After reading this book, readers can have a deeper understanding of Erlang's design philosophy and virtual machine working mechanism. Having mastered the knowledge and tools of the book does not guarantee peace of mind when it comes to the operation of Erlang production systems, but at least knowing where to start, how to collect data, and how to position the problem in the face of difficulties, lay a solid foundation for a real solution to the problem at last.

Finally, if you find any questions in the translation, please write (dhui@263.net). I hope you enjoy your reading.


Aaron

2014.11 in Shanghai

[1] The process with the help of the operating system can also be run-time error isolation, but the granularity is too large, too heavy.

[2] To enable efficient scheduling across the OS, Erlang gave up time slices based on the reduction approach. Reduction is counted almost everywhere in the system to achieve the goal of fair Dispatch.

[3] For example, a competition-related bug, once added a breakpoint, the competition may not appear.

[4] In fact, Erlang now supports type definition, labeling, and derivation.

[5] Those who are too subjective are not discussed, for example, some people think that Erlang syntax is weird.

[6] These views are only for Erlang. For other dynamic type languages, there are problems that are difficult to understand and maintain when the program size becomes larger. In Erlang, the problem of many dynamic type languages can be largely avoided due to its let it crash philosophy.

[7] The current fiery Micro-service architecture is somewhat similar to the philosophy of Erlang.

[8] In any case, adding type labeling to a program is a good practice.

[9] This aspect of performance is probably about 1/7 of the C language.

[10] The main role is to complete the browser WEBRTC media streaming and IMS network media flow between the interoperability, the need for a large number of transcoding and control

[11] This is my own comparison number, I have developed a similar system in C + +.

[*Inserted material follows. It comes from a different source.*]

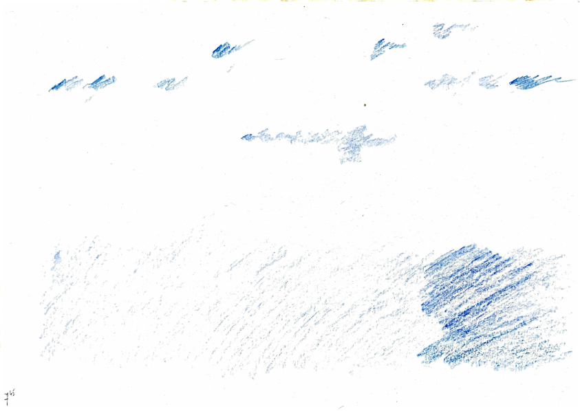 O chvíli později se objevily v krajině nové zvuky: industriální rány a dunění jedoucího vlaku. Tyto zvuky se objevily několikrát, ale pokaždé s jinou intenzitou. Ke konci poslechu jsem z dálky zaslechla i štěkání psů, které se párkrát zopakovalo. Nejsem si ale v tuto chvíli jistá, že je ve své kompoziční studii použiji, i když v poznámkách z poslechového dne mám uvedeno, že bych s tímto zvukem pracovat chtěla.

[12] On the one hand, because most systems are not so large and complex, as long as they are designed and developed in accordance with the basic Erlang principles, there is generally no problem; On the other hand, there are not many people who are experienced, have time and can write well.

Fred Hebert is also the author of Learn some Erlang for great good book.

Contact Us

The content source of this page is from Internet, which doesn't represent Alibaba Cloud's opinion; products and services mentioned on that page don't have any relationship with Alibaba Cloud. If the content of the page makes you feel confusing, please write us an email, we will handle the problem within 5 days after receiving your email.

If you find any instances of plagiarism from the community, please send an email to: info-contact@alibabacloud.com and provide relevant evidence. A staff member will contact you within 5 working days.

A Free Trial That Lets You Build Big!

Start building with 50+ products and up to 12 months usage for Elastic Compute Service

  • Sales Support

    1 on 1 presale consultation

  • After-Sales Support

    24/7 Technical Support 6 Free Tickets per Quarter Faster Response

  • Alibaba Cloud offers highly flexible support services tailored to meet your exact needs.